The FSRA wants each VASP to be well-equipped in terms of governance and skilled personnel, with roles often overlapping if the firm’s scale allows. Typical required positions include:

  • A board of directors with a non-executive chair
    • A senior executive officer who has at least 10 years of relevant experience and lives in the UAE
    • A finance officer, potentially outsourced if it meets FSRA standards
    • A risk officer (optional but common), addressing financial, cyber, and operational risks
    • A chief technology officer with enough expertise in distributed ledger technology and security practices
    • A compliance officer, local to the UAE, with around 10 years in compliance roles
    • A money-laundering reporting officer, also typically living in the UAE, who may double as compliance officer if suitably qualified
    • External and internal auditors, plus an independent IT audit firm
The FSRA usually insists on local presence for core positions, ensuring accountability and immediate availability to respond to regulator queries. Non-compliance or insufficient staffing can hinder or block licensure.
  • The FSRA mandates thorough governance, local staffing of key roles (CEO, compliance officer, etc.), robust AML policies, and annual IT audits

  • Multilateral trading facilities must partner with a recognised clearinghouse and provide pre- and post-trade transparency

  • Setting up requires a detailed business plan, proof of financial projections, technology disclosures, and final in-principle approval before starting operations

Capital obligations and categories

ADGM’s licensing categories range from 1 (for banks) to 4 (for lower-risk activities). The base capital minimum can be as low as 10,000 US dollars for Category 4, or 500,000 US dollars for Category 3, 2 million for Category 2, and 10 million for Category 1. Additionally, the FSRA calculates risk-based capital and expense-based capital. Whichever is higher among these three figures becomes the final requirement.

MTFs that hold client assets must meet more demanding standards, often 18/52 of projected annual expenses if that figure exceeds the base capital. The logic is that a VASP with large overheads or significant custodial duties needs more buffers. Some regulated institutions with a strong head office in a recognised jurisdiction can apply for capital waivers, but this is subject to FSRA’s discretion.

Advantages of an ADGM presence

Establishing a VASP in ADGM can yield notable benefits. Legal frameworks allow cross-border deals and uphold 100 percent foreign ownership, reducing many of the constraints found elsewhere. The region’s zero tax on corporate profits, capital gains, and employee income is a significant draw for global fintech companies. Meanwhile, ADGM’s respect for international standards, encompassing AML, data privacy, and securities best practices, builds confidence among institutional clients, private investors, and technology partners.

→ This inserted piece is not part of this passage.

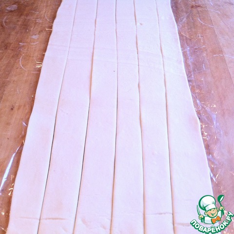 Тесто лучше использовать в рулоне. Разрезаем его вдоль на шесть одинаковых полос.
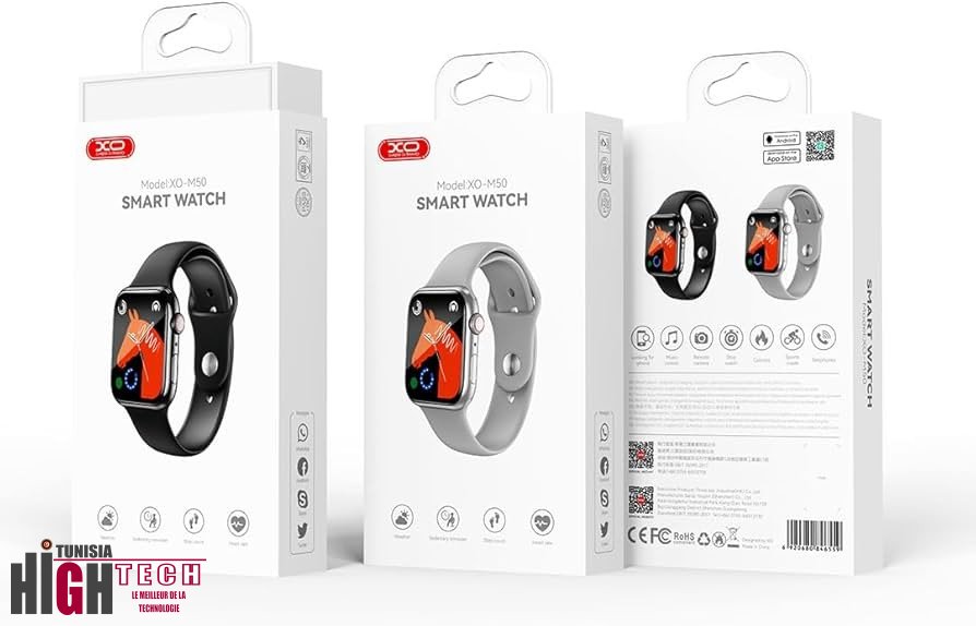 La XO M50 est une montre connectée alliant technologie avancée et design pratique, idéale pour une utilisation quotidienne.

Beyond regulation, ADGM’s ecosystem includes top-tier law and accounting firms, venture capital outlets, and a network of international financial institutions. Fund managers looking to tap new pools of capital, or existing crypto exchanges searching for a stable environment to scale, can do so within a framework that fosters innovation yet maintains robust oversight.

Navigating the application process and operational costs

Besides the licence fees, VASPs pay for data protection registration (300 US dollars initially, plus 300 annually) and must secure an office within the ADGM area, with rent typically starting around 20,000 US dollars for a two-desk business centre. Some premium offices can run about 55 US dollars per square foot. Each staff member needs a visa, for which standard fees, deposits, and 80 square feet per person are typical guidelines.

Although the upfront investment can be substantial, many firms see the advanced regulatory environment, the presence of large Abu Dhabi-based investors, and the region’s zero tax policy as strong reasons to pick ADGM over other locations.